Electrical vs. Pharmacological Cardioversion for ED Patients With Acute AF - RAFF2

Contribution To Literature:

The RAFF2 trial showed that a procainamide infusion + shock approach is similar to a shock first approach among low-risk patients presenting to the ED with acute onset of AF.

Description:

The goal of the trial was to compare the safety and efficacy of procainamide + electrical cardioversion (DCCV) vs. DCCV alone among patients presenting with acute atrial fibrillation (AF) to the emergency department (ED). Further, among patients requiring DCCV, they sought to assess if anterolateral and anteroposterior positioning of the pads was equally efficacious and safe.

Study Design

Eligible patients with acute AF were randomized in a 1:1 factorial design to:

Protocol 1: Attempted pharmacological cardioversion with intravenous procainamide (15 mg/kg over 30 minutes) followed by electrical cardioversion (up to three shocks each of ≥200 J) if necessary (n = 204) vs. placebo infusion followed by electrical cardioversion (n = 192).

Protocol 2: Among patients requiring DCCV after 30 minutes of Protocol 1, an open-label comparison of the anterolateral (n = 127) versus anteroposterior (n = 117) pad positions was performed.

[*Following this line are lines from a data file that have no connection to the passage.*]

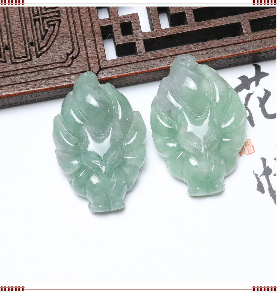 【材质】:翡翠A货 【规格】:外圈31.2*21*6.3mm(误差1-2mm) 【用途】:可用于挂金器、银器、玉器、陶瓷器、饰品配件等吊坠用 【包装】:无单独的包装 【说明】:天然翡翠是大自然形成的矿物质宝石,必然有天然的矿物质表现,比如绵质、石纹、杂色、纹咎、石花,脏点等石质特征。同一块石料开出来不同部分也会有所分别(颜色,纹理),这是天然翡翠在亿万年的生成过程中自然形成的,不属瑕疵范畴。受工艺所限,玉器商品表面的抛光、边缘的打磨可能存在少许粗糙、不平之处,也不在瑕疵之列!请亲知晓!介意者慎拍! 新的一批九尾狐狸颜色是豆色的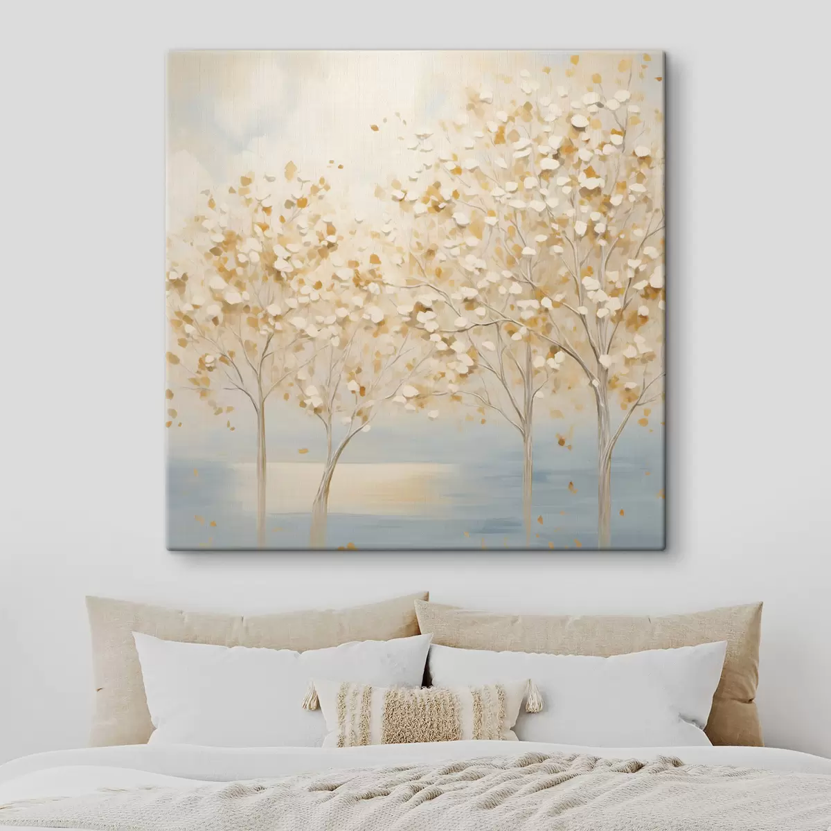 Obraz Obraz przedstawiający drzewa o fakturalnym wyglądzie, z białymi i żółtymi liśćmi na jasnoniebieskim tle s48392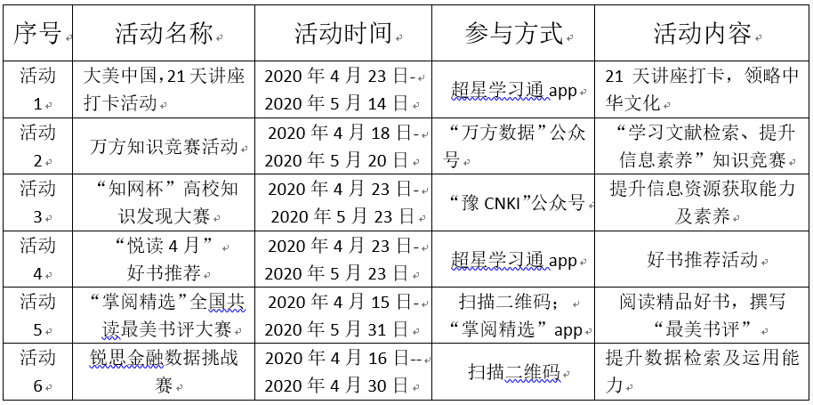 注:具体活动内容详见图书馆网站(//meigaomeient.com/tsg/)、图书馆微信公众号(lylg_tsg);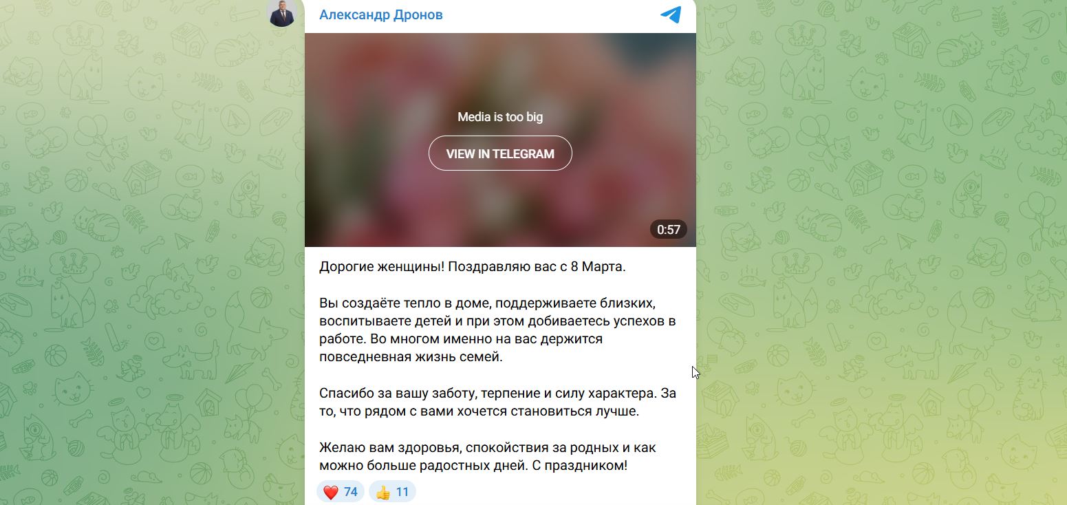 Губернатор Новгородской области Александр Дронов в своём телеграм-канале поздравил женщин с 8 Марта, сгенерировав текст при помощи искусственного интеллекта.

  • Total screened: 11,096
  • Total number of enrollees: 1,996
  • Duration of follow-up: in-hospital
  • Mean patient age: 60 years
  • Percentage female: 34%

Inclusion criteria:

  • Stable patients presenting with a primary diagnosis of acute AF of at least 3 hours’ duration
  • Symptoms necessitated early management
  • Pharmacological or electrical cardioversion considered an appropriate and safe option

Exclusion criteria:

  • Permanent AF
  • Deemed hemodynamically unstable and required immediate cardioversion (including patients with hypotension [systolic blood pressure <100 mm Hg], rapid ventricular pre-excitation, acute coronary syndrome, or pulmonary edema)
  • Primary presentation for another condition (e.g., pneumonia, pulmonary embolism, sepsis)
  • Converted spontaneously before randomization

Other salient features/characteristics:

  • Duration of arrhythmia: 15 hours
  • CHADS2 score ≥2: 44%
  • Baseline medications: oral anticoagulants: 33%, antiarrhythmia drugs: 6.5%, antiplatelets: 27%

Principal Findings:

The primary outcome for drug + shock vs. shock alone, conversion to normal sinus rhythm (NSR), was 96% vs. 92% (p = 0.07).

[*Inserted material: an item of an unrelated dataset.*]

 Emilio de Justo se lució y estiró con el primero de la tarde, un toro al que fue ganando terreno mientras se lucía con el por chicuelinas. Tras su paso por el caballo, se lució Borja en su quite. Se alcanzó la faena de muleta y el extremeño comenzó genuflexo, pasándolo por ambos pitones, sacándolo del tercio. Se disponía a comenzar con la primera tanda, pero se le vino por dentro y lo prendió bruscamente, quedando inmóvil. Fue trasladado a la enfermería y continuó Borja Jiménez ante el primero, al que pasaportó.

The primary outcome for anterolateral vs. anteroposterior placement of pads, conversion to NSR, was 94% vs. 92% (p = 0.68).

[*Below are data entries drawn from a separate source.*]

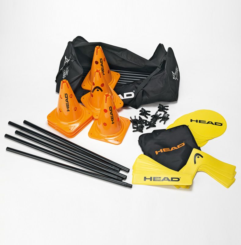 Zestaw trenerski HEAD Coaching Pack linie pachołki Trening tenisowy to coś więcej niż forehand. COACHING PACK, zapewni wszystko czego potrzebujesz aby jak najlepiej wyszkolić Twoich zawodników. COACHING PACK to idealne narzędzie pomagające przy wszystkich ćwiczeniach: od tenisa, przez fitness, po koordynację. W skład zestawu wchodzi 6 dużych pachołków, 12 słupków z 8 klipsami, 12 elementów linii kortu, 4 narożniki, 6 tarcz, 1 torba, 1 plakat HEAD coaching, a wszystko zaprojektowane przy udziale trenerów, tak aby każdy z elementów był przydatny. Najwyższą jakość wykonania zapewnia marka HEAD.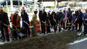 包括紐約市交通局(DOT)皇后區局長葛西雅(Nicole Garcia)、紐約市設計和建設局(DCC)副局長麥克法倫(Eric Macfarlane)、皇后區經濟發展公司及市議員斐洛拉斯考普蘭Julissa Ferreras-Copeland等社區代表昨日齊聚可樂娜廣場工地,為該處重建的文化與休閒廣場舉行破土儀式(圖,本報記者攝)。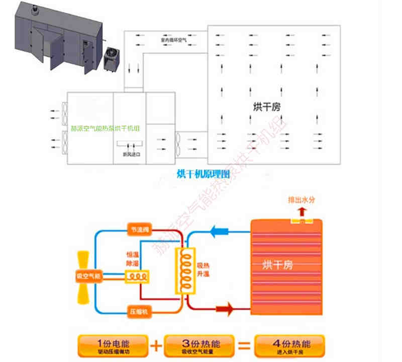 赫派空氣能熱泵烘干機(jī)只需要少量的電能來驅(qū)動壓縮機(jī),并通過壓縮機(jī)從空氣中吸收大量的熱能,通過循環(huán)風(fēng)機(jī)搬運到烘干房,不斷的循環(huán)快速升溫(烘干房內(nèi)可調(diào)溫度為:8℃-80℃,可調(diào)濕度:5%-95%),再利用二次廢熱回收除濕裝置排濕,從而達(dá)到物料烘干的目的。采用微電腦智能控溫控濕,烘干過程無需專員看守、無任何污染物排放,運行電費低,是一種節(jié)能環(huán)保的烘干解決方案。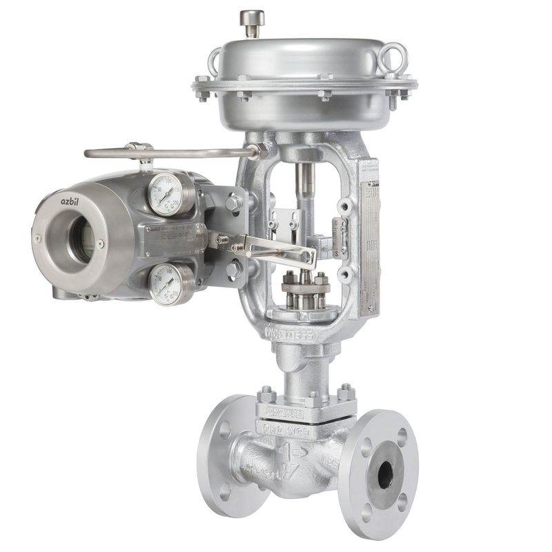 Top-guided Single-seat control valve features a compact valve body with excellent flow control and minimum pressure loss. Manufactured by Azbil Corporation.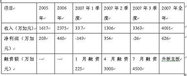 漢維公司2007年1季度公司業(yè)績表現(xiàn)不佳,而后續(xù)季度業(yè)績突飛猛進(jìn),正是其業(yè)績上表現(xiàn)出強(qiáng)力支撐,當(dāng)期的財務(wù)數(shù)據(jù)表現(xiàn)靚麗,從而使后續(xù)融資非常順利。詳見下表:

Secondary outcomes for drug + shock vs. shock alone:

  • Conversion by drug alone: 52% vs. 9%
  • ED length of stay: 7.1 vs. 7.6 hours (p = 0.42)
  • Subset with 14-day electrocardiogram (78%): NSR: 95% vs. 95%
  • Return to ED for AF/atrial flutter: 10% vs. 11%

Secondary outcomes for anterolateral vs. anteroposterior placement of pads:

  • Adverse events: 10% vs. 10% (p = 0.97)

Interpretation:

The results of this trial indicate that a drug + shock approach is similar to a shock first approach among low-risk patients presenting to the ED with acute onset of AF; approximately 50% of patients converted to NSR in the drug + shock approach with intravenous procainamide alone. Both approaches were felt to be relatively safe. Among patients needing cardioversion, placement of pads in anterolateral or anteroposterior position resulted in similar efficacy. These results are helpful for clinicians—unclear if propafenone, flecainide, or ibutilide would have similar efficacy and safety as procainamide.

References:

Stiell IG, Sivilotti MI, Taljaard M, et al. Electrical versus pharmacological cardioversion for emergency department patients with acute atrial fibrillation (RAFF2): a partial factorial randomised trial. Lancet 2020;395:339-49.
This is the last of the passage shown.